Crazy Rich Asians the musical will feature a score by Tony-nominated composer Helen Park (KPOP), a book by Leah Nanako Winkler (Schmigadoon!), and lyrics by Tony-nominated songwriter Amanda Green (Hands on a Hardbody) and Singaporean songwriter Tat Tong. 

Casting has not been announced, "though it should be noted that Crazy Rich Asians film star Constance Wu recently sang Off-Broadway in Little Shop of Horrors," Playbill noted. 



Books & Authors

Awards: Jhalak Shortlists

Shortlists have been selected for the 2024 Jhalak Prize and Jhalak Children's & YA Prize, celebrating "books by writers of colour in Britain and Ireland." Winners, each of whom receive £1,000 (about $1,245), will be announced May 30.

The shortlist for the Jhalak Prize:
A Flat Place by Noreen Masud
Anansi's Gold: The Man Who Swindled the World by Yepoka Yeebo
Boundary Road by Ami Rao
Fire Rush by Jacqueline Crooks
Self-Portrait as Othello by Jason Allen-Paisant
Twelve Words for Moss by Elizabeth-Jane Burnett

The shortlist for the Jhalak Children's & YA Prize:
Geoffrey Gets the Jitters by Nadia Shireen
How to Die Famous by Benjamin Dean
Safiyyah's War by Hiba Noor Khan
Steady for This by Nathaneal Lessore
To the Other Side by Erika Meza
Wild Song by Candy Gourlay


Book Review

Review: The Future Was Color

The Future Was Color by Patrick Nathan (Counterpoint, $26 hardcover, 224p., 9781640096240, June 4, 2024)

The Lavender Scare looms over the events portrayed in Patrick Nathan's exquisite second novel, The Future Was Color, like one of those unspeakable horrors that Hollywood screenwriter George Curtis conjures to threaten the lives of ordinary, freedom-loving Americans in his cheaply made science fiction flicks. Most notable for a film called Death from Above!, George lives a meek existence in the summer of 1956, humbly tapping out new scripts in a sweltering office that he shares with two or three others, depending on who "either quit or disappeared or got blacklisted" in the stifling era of McCarthyism.

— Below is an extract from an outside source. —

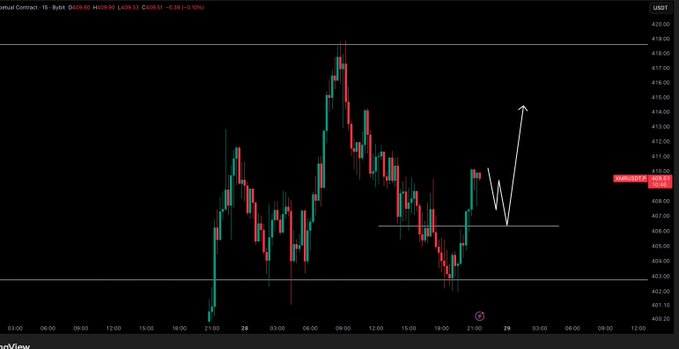 • XMR maintains steady demand as buyers defend the $406 support area and prevent deeper price retracements.

Privately, however, George is a quiet sort of renegade. A Hungarian immigrant to the United States, he has witnessed the rise of fascism and the cost of war. He longs to write something of greater political consequence than the black-and-white movies that studios lace with their pro-war propaganda. He also longs for the touch of his colleague, Jack Turner, an impulse George redirects toward a youthful theater attendant. When friend and actress Madeline Morrison invites George to be a writer in residence at her Malibu estate, the opportunities for greater fulfillment begin to unfurl before him...

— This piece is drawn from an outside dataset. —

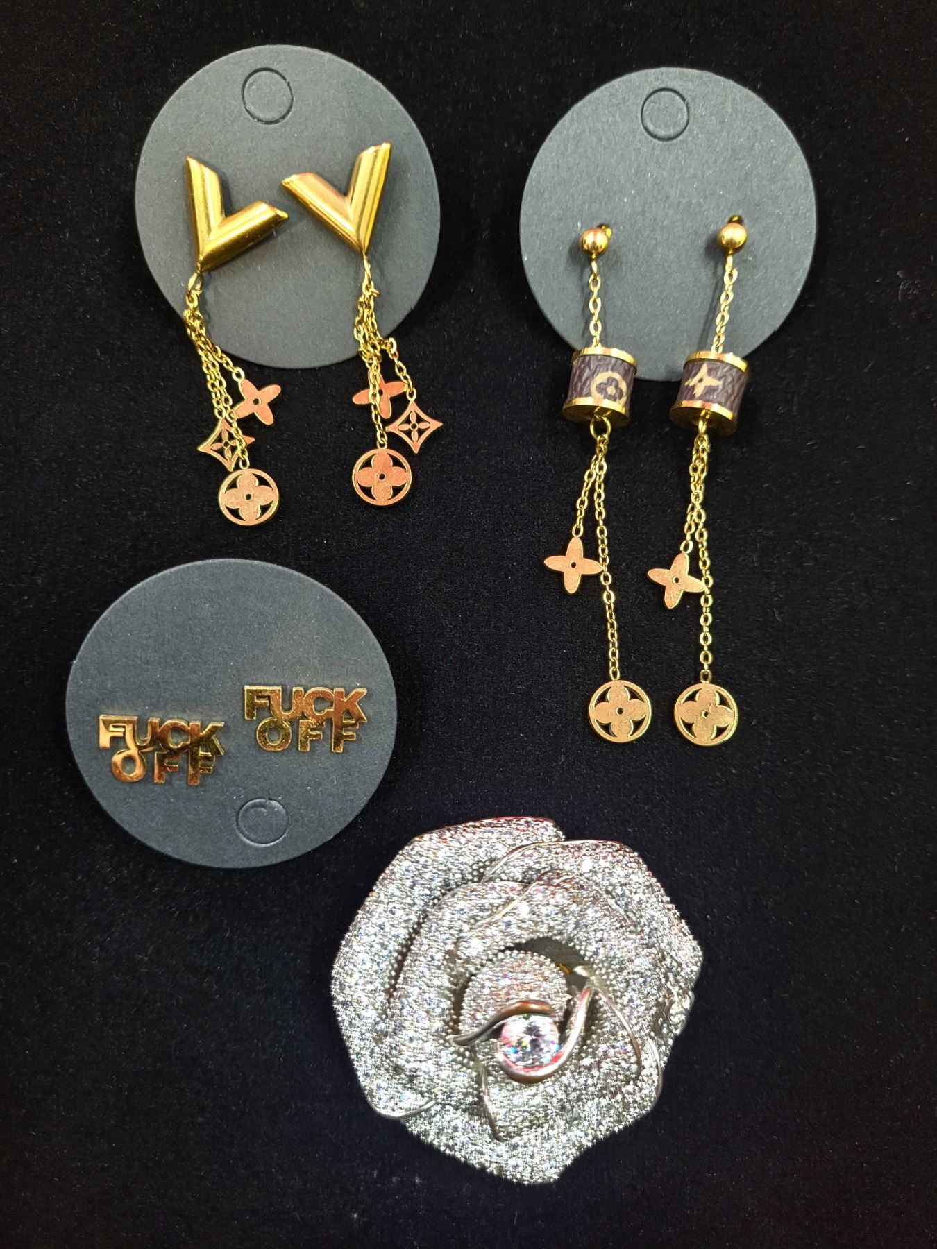 VTG Chanel Brooch, 2 Pairs of Replica Louis Vuitton Earrings, & Fuck Off Earrings w/ Tiffany Box

Nathan (Image Control; Some Hell) writes with the eloquence of a nimble mind working at the height of his powers. Gripping from the first sentence--"We want to burn, to be disintegrated, to watch our creations... bludgeoned and brained, thrown, crushed, but above all burned"--The Future Was Color braves the atomic era with a canny allegiance to human tenderness and connection. George's story is one of resilience, whose stirring legacy becomes evident in its evocative re-telling by the novel's first-person narrator, a companion made much later in life.

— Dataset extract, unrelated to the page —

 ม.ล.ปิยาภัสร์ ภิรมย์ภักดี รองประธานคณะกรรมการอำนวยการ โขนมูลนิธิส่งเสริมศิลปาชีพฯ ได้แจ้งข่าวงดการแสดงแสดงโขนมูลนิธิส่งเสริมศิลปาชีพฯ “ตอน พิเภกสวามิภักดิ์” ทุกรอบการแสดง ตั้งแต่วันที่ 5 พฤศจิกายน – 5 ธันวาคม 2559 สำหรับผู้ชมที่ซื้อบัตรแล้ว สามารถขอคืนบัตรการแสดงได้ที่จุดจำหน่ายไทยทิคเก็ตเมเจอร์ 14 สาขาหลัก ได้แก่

The sun reflecting on "the afternoon water was a molten, searing gold." A phallus was "like a roll of wheaty dough warmed up in the heat of one's hands." In short: "Was it any wonder... that so many of them had come to prefer color for color's sake?"

Nathan's Hollywood is sure to dazzle any readers who were captivated by Anthony Marra's Mercury Pictures Presents. Profound, life-affirming, and splendidly seductive, The Future Was Color deserves to become a new lodestar in the ever-expanding constellation of gay literature. --Dave Wheeler, senior editor, Shelf Awareness

Shelf Talker: The dazzling Hollywood setting of Patrick Nathan's life-affirming second novel pales in comparison to the vibrant legacy of one lowly screenwriter who quietly defies expectations in the McCarthy era.